The question is not about raw performance but about a correctly behaving cache. APT explicitly does not support parallel gets (and I don't really care if it is one 1 machine or ten), and the arguments your present for why it is so good hold for pretty much every other internet user. Plain and simple fact is that your cache is broken. It should preserve it's hit rate by responding before a fetch completes, and if it desperately make sense, it should process all pending transactions in parallel (APT actually issues 10 gets to the cache at once, the cache could easially fetch them in parallel, it just can't respond out of order) A better solution to your problem is a preditictive usage sensative debian-specific cache. It could download off peak hours, at a slower+kinder rate and have the new .debs prepared before the client requests them. Nobody has written such a cache (apt-proxy doesn't quite do it all), but I think it would be incredibly handy for large orginizations such as yours. Jason
What additional features would be needed in such a cache? - Fine-tuning cache parameters for .deb's, Packages files, etc. (I finally seem to have convinced Squid to do this correctly) - Priming the cache before running upgrades (wget --delete-after) - Bandwidth management (if this is really necessary off-peak, it could probably be accomplished at the network layer)
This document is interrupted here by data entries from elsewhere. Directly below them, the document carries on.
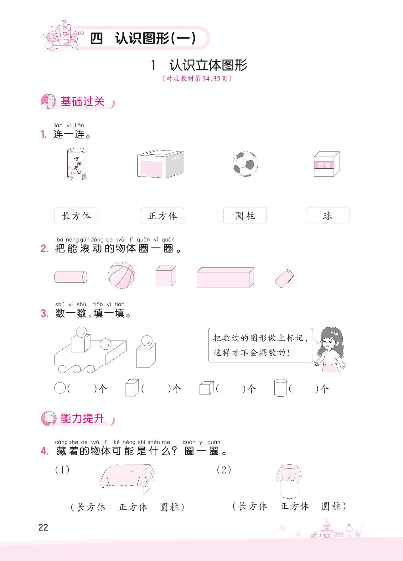 2022上册一年级数学人教版 四 认识图形(一)——1 认识立体图形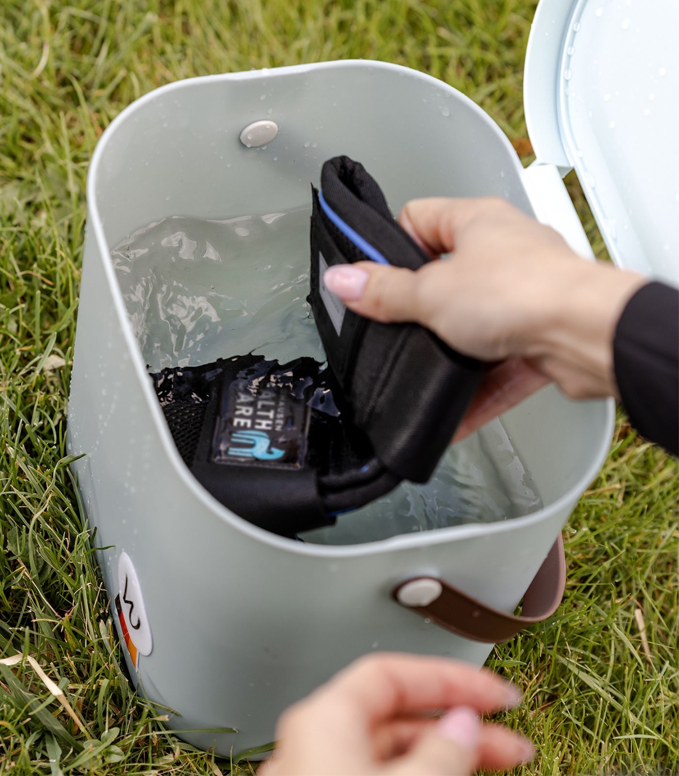 Immerse the tendon boots in cold water until completely soaked. Then wring them out well and place them around the horse's leg. Ensure the horse stands still and is not unattended during use.
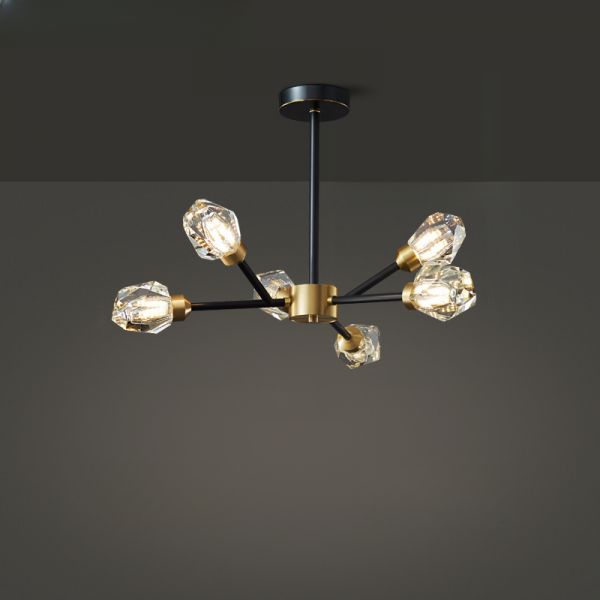 Translucent Modern Light Chandelier with K9 Crystal Glass Bi-pin Shade, 6 Lights, and Geometric Shape, Black, 110V-120V

It wouldn't be a cache so much as an active partial mirror, who's content is driven by client requests. So if I fetch foo.deb one day, the 'cache' would fetch all future versions of foo.deb and all its' dependencies recursively in anticipation that I would eventually upgrade foo.deb Some people might want some code to make the cache bounded in size though. That only works for 1 workstation. You really need to aggregate package selections for all workstations and manage the cache that way. Jason
This still sounds like a client-side app to me. Aggregate package selections, build a list of all installed packages, cross-reference that with an up-to-date available packages list to resolve dependencies and find URLs, and download everything through a standard-issue caching proxy server.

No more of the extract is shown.